= Supreme Court of Judicature (Trinidad and Tobago) =

Supreme Court of Trinidad and Tobago

The Supreme Court of Judicature for Trinidad and Tobago is the superior court for Trinidad and Tobago. It was established in accordance with the Constitution of Trinidad and Tobago and the Supreme Court of Judicature Act, 1962.

== Composition ==
The Supreme Court of Judicature consists of a High Court of Justice and a Court of Appeal. The High Court is made up of the Chief Justice and between six and thirty-six puisine judges, and the Court of Appeal is made of up the Chief Justice and twelve Justices of Appeal. The judges have seniority according to their date of appointment and Justices of Appeal have precedence over High Court Justices.

A judge cannot be appointed to the High Court unless they have been a member of the Bar of England and Wales or an attorney-at-law under the Legal Profession Act, 1986 for ten years. A judge cannot be appointed to the Court of Appeal unless he has been a judge of the former Supreme Court or High Court for three years, or has been a member of the Bar of England and Wales or an attorney-at-law for fifteen years.

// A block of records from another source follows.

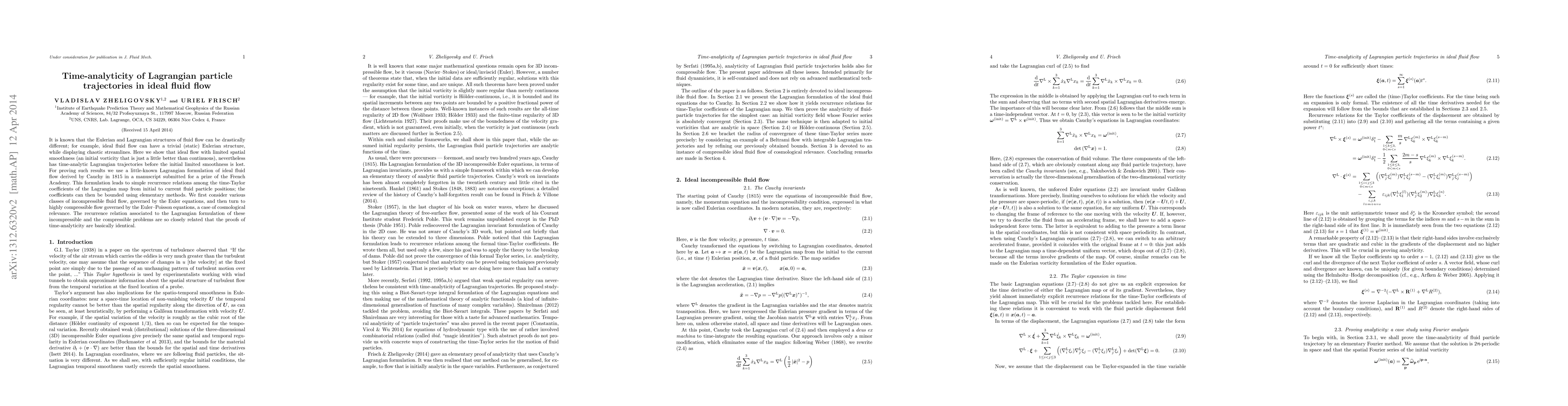 It is known that the Eulerian and Lagrangian structures of fluid flow can be drastically different; for example, ideal fluid flow can have a trivial (static) Eulerian structure, while displaying chaotic streamlines. Here we show that ideal flow with limited spatial smoothness (an initial vorticity that is just a little better than continuous), nevertheless has time-analytic Lagrangian trajectories before the initial limited smoothness is lost. For proving such results we use a little-known Lagrangian formulation of ideal fluid flow derived by Cauchy in 1815 in a manuscript submitted for a prize of the French Academy. This formulation leads to simple recurrence relations among the time-Taylor coefficients of the Lagrangian map from initial to current fluid particle positions; the coefficients can then be bounded using elementary methods. We first consider various classes of incompressible fluid flow, governed by the Euler equations, and then turn to a case of compressible flow of cosmological relevance, governed by the Euler-Poisson equations.
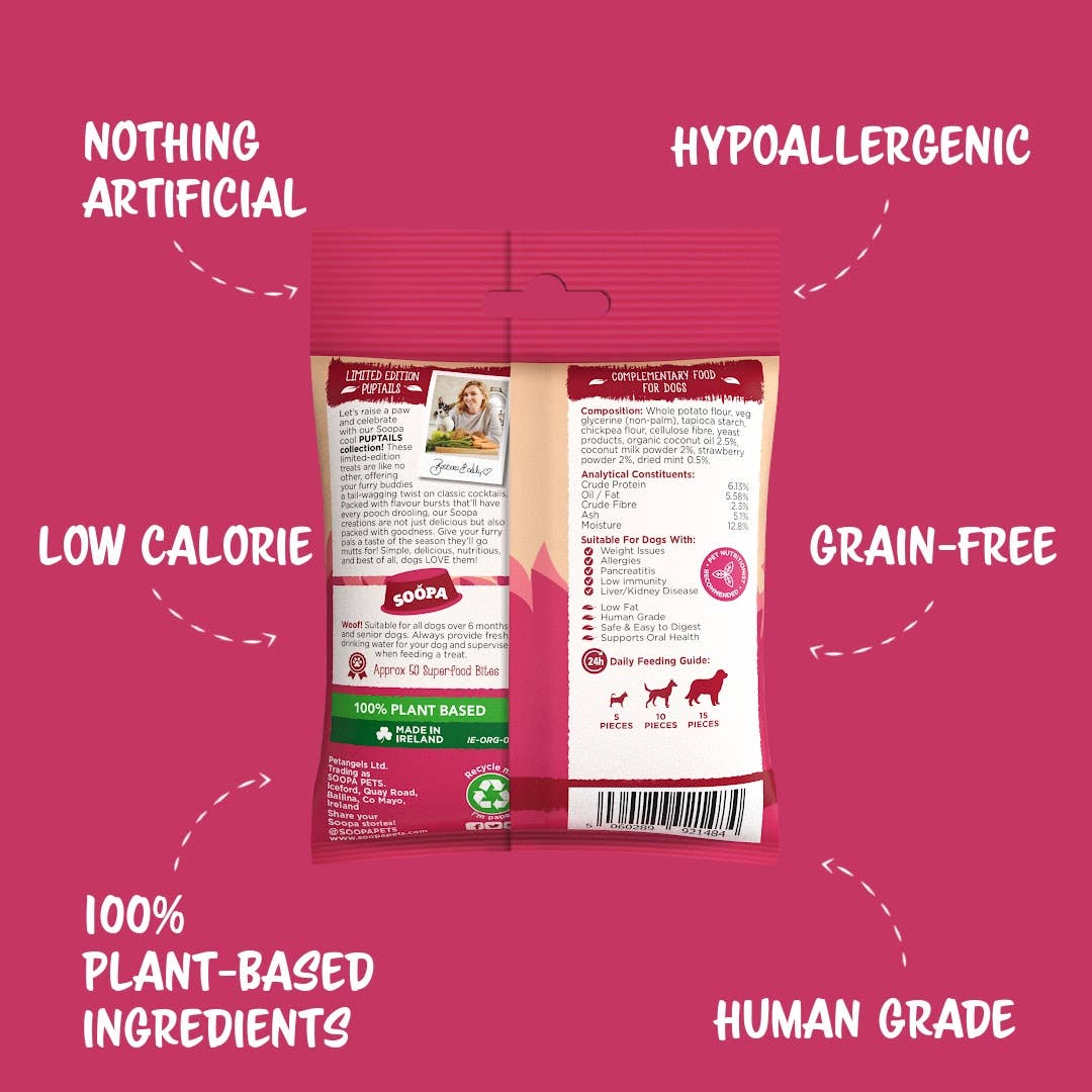 Vous recherchez une délicieuse friandise pour chien qui soit également saine ? Levons la patte et célébrons avec notre collection cool PUPTAILS de Soopa ! Ces friandises en édition limitée ne ressemblent à aucune autre et offrent à vos amis à quatre pattes une touche originale aux cocktails classiques. Débordant de saveurs qui feront baver tous les chiens, donnez à vos amis à quatre pattes un avant-goût de la saison pour laquelle ils adoreront les chiens ! Le saviez-vous ? La noix de coco contient des propriétés anti-inflammatoires qui peuvent améliorer la guérison, réduire l'enflure et aider à soulager les douleurs articulaires. Les noix de coco favorisent une peau saine et un pelage brillant, et les antioxydants peuvent atténuer les démangeaisons de la peau sèche. Poids 63g
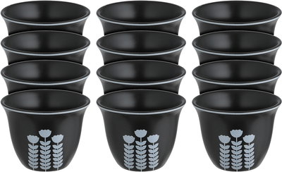 طقم فناجين قهوة سعودي بورسلان السيف غاليري، 12 قطعة، منقوش - أسود أبيض
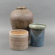 Grote aardewerk vaas en twee bloempotten, één bloempot uitvoering Mobach, de ander met onbekend monogram, de vaas 45 × 36 cm
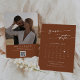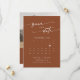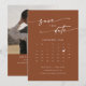 Este calendário de fotos de código QR boho chic terracotta salvando o cartão de data é perfeito para um casamento minimalista. A design boêmica laranja moderna, queimada pela terra, apresenta caligrafia rustica simples com um estilo único, mas clássico. Personalize sua data de salvamento com o calendário do mês do seu casamento, com um coração na data do seu casamento, seus nomes, local do casamento, uma foto de noivado e um código QR que liga ao seu site de casamento.
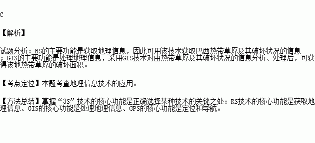 巴西每年约有2万平方千米的热带草原被破坏。环保人士指出,必须严格制止破坏草原的行为,有效利用现有的农业用地。调查并估算巴西热带草原的破坏面积,采用的地理信息技术是( )
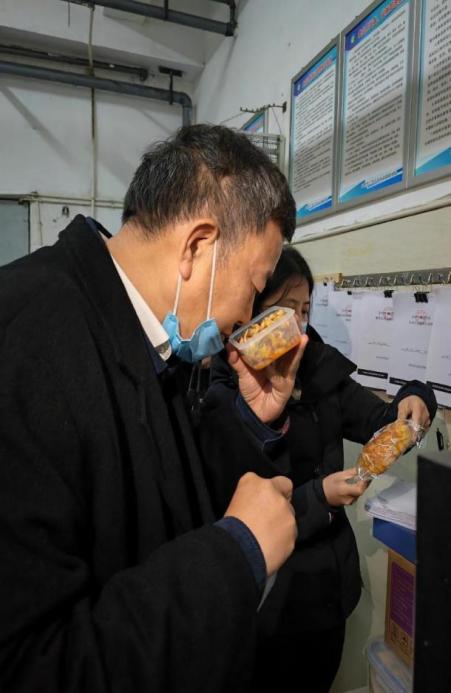 检查组一行先后查看了学校食堂的食材进出库、晨检记录、食品留样等情况,并对食品留样、后厨卫生、就餐环境等方面提出了具体要求。
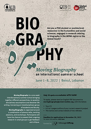 The Orient-Institut Beirut (OIB) in collaboration with the American University of Beirut (AUB) and the Global (De)Centre (GDC) invites doctoral and postdoctoral researchers to apply for an international Summer School, entitled Moving Biography, that will take place in Beirut/Lebanon from 1 to 8 June 2022.

The Chief Justice is appointed by the President, with advice from the Prime Minister and Leader of the Opposition. Other judges are appointed by the President, in consultation with the Judicial and Legal Service Commission.

== Jurisdiction ==

The High Court has original jurisdiction over indictable criminal matters, family matters, and civil matters. It sits at Port of Spain, San Fernando and Scarborough. A decision of the High Court can be appealed to the Court of Appeal whether there is a question of constitutional interpretation, a breach of the laws protecting fundamental rights, a decision allowing or refusing proceedings which relate to the appointment, qualification, election or membership of a Senator or member of the House of Representatives, or a punishment for contempt of court.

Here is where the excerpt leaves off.